Farina.
Tra poco arriverai, vicina
marocchina con le occhiaie, a chiedermene una tazza, l’ennesima. Cosa ci farai
mai, con tutta quella farina, solo il tuo dio marocchino lo sa. Forse gestisci
una panetteria abusiva; forse stai facendo - a mie spese -rifornimenti per il tuo
segretissimo bunker antinucleare; forse ci sforni mobili. Ti immagino impastare
in tinello, circondata da tavolini di pane e cuscini di pane e sedioline
piccole, anch’esse di pane. Forse anche i tuoi figli sono fatti di pane.
Sempre mi suoni per una
tazza di farina e io ti aspetto.
Ieri pure sei passata e io
già la tenevo pronta e preparata, la tua scodella di farina, sul tavolino all’ingresso,
sopra la bollette da pagare: tu hai suonato, io, senza neanche
domandare chi fosse, ho aperto –tanto lo sapevo che eri tu, che arrivi sempre dopo Uomini
e donne, tu-, ti ho mollato la tazza in mano e tanti saluti. Anzi, nessun
saluto, per una volta.
Perché tu, quando vieni a
chiedermi quel pugno di farina, tu parli, vicina marocchina. Tantissimo
parli.
E io non ho voglia di
ascoltare dei tuoi Omar, delle varicelle, della diarrea di Saïd, dell’assistente
sociale che non ti dà la casa comunale, di Mamoud che ha sempre la febbre e
chissà come mai. Che vuoi che ne sappia io, della febbre di Mamoud: non sono mica
un pediatra.
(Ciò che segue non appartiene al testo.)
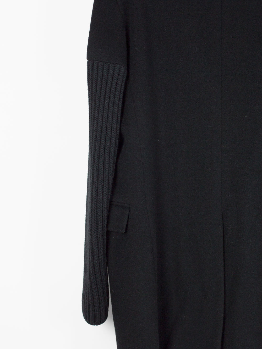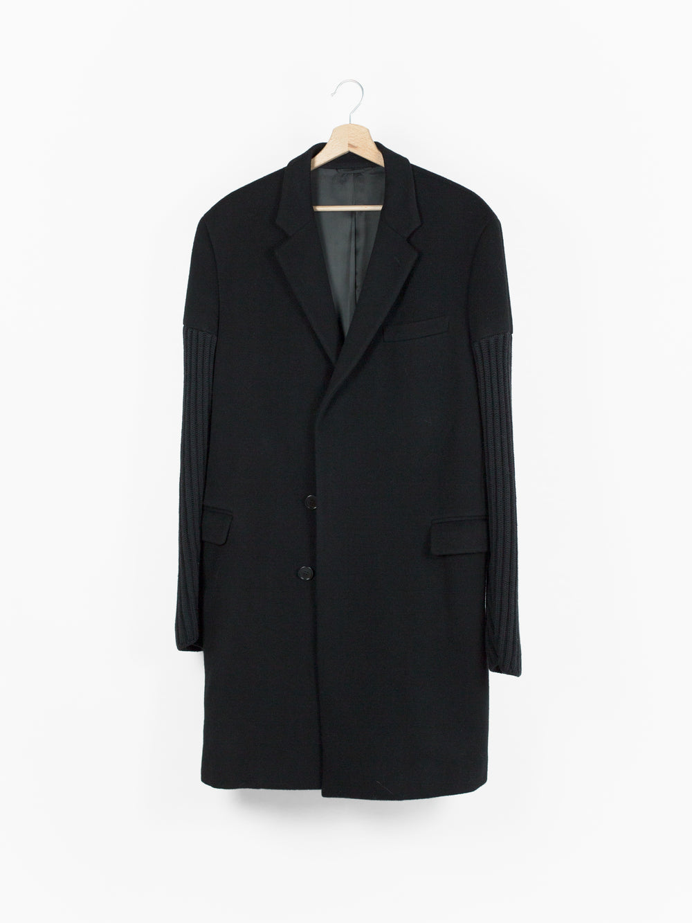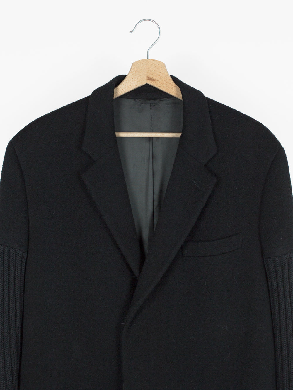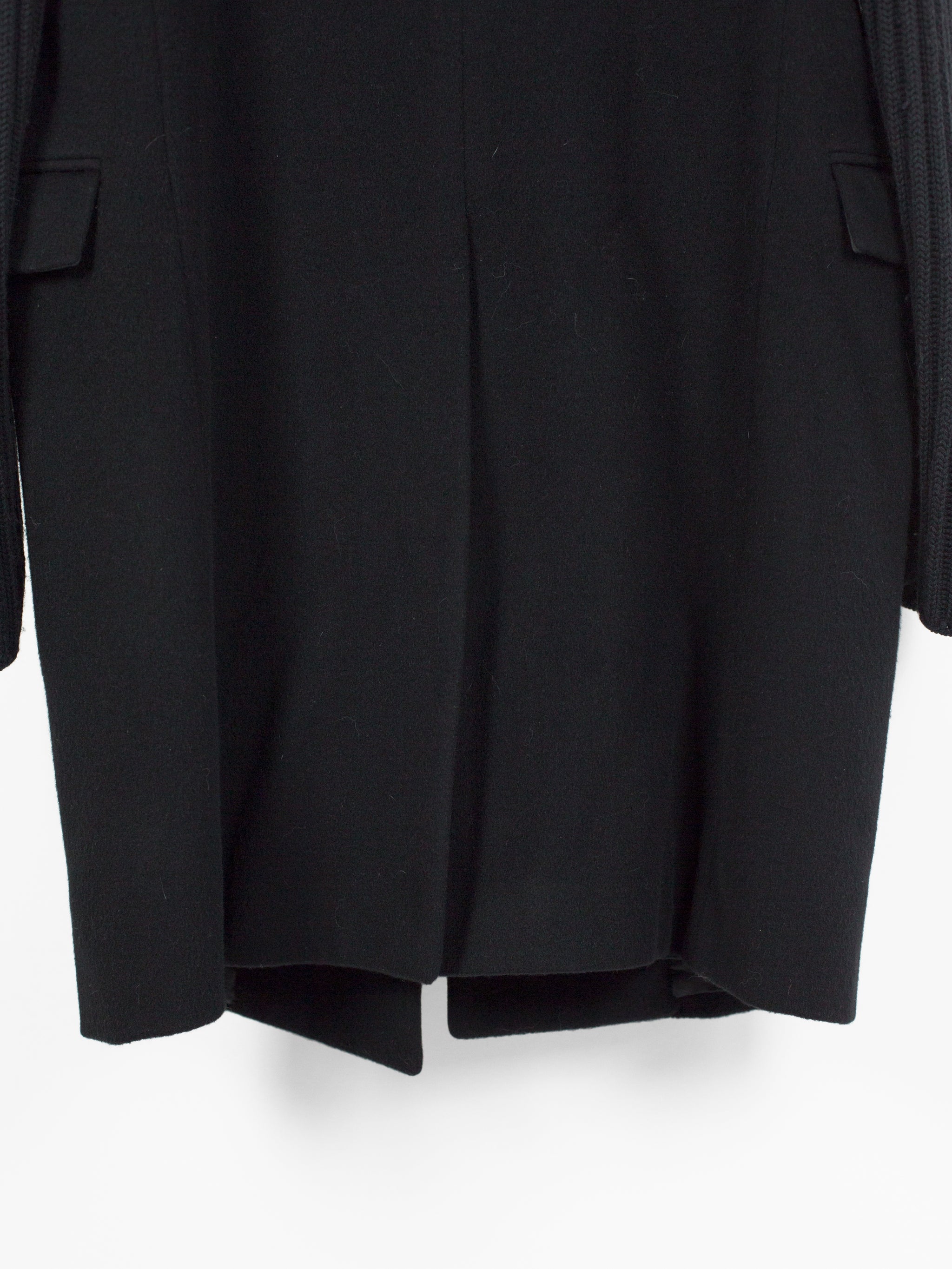 Featured in multiple runway shows across many years, the chester coat shape that forms the foundation of this piece is a staple within Helmut's repertoire. With subtlely structured shoulders and a slightly tailored waist, it has a subdued elegance and cleanliness that give it an air of timelessness (or as close to timeless as one can get). Rendered in a thick, plush cashmere/wool face fabric, the coat hangs off the shoulders with a weighty, fluid drape. At the upper arm, a statement chunky knit sleeve is inserted in place of a tailored one, creating a compelling play on proportions and an unexpected, subversive, layered look. The shape matches many of the composite layered ensembles shown in AW03--harnesses with a strap at the bicep, sleeve caps ending right under the shoulder, or knit armwarmer sleeves pulled up to below the armpit. While the AW03 runway reads more utilitarian and military inspired with its iconic aviator chaps, bombers, and fleece/3M reflective fabrics, this piece leans formal and versatile. It can be worn with other tailored garments or styled with military and workwear pieces for some tension in the mixed formalities.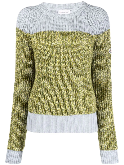 Colorblock Cotton Blend Crewneck Sweater In Green

E non lo so dove si comprano le babbucce in cuoio a buon
mercato, è inutile che tu me lo chieda.
Che poi mi irriti indicibilmente col tuo francese
da colonizzata che esce sgangherato dalla tua bocca fina impregnata di aglio
e menta e penso che potresti almeno lavarti i denti anziché mangiare le
ciungomme, vicina marocchina: sbaglieresti comunque i congiuntivi ma almeno non dovrei voltare il capo mentre fingo di ascoltarti.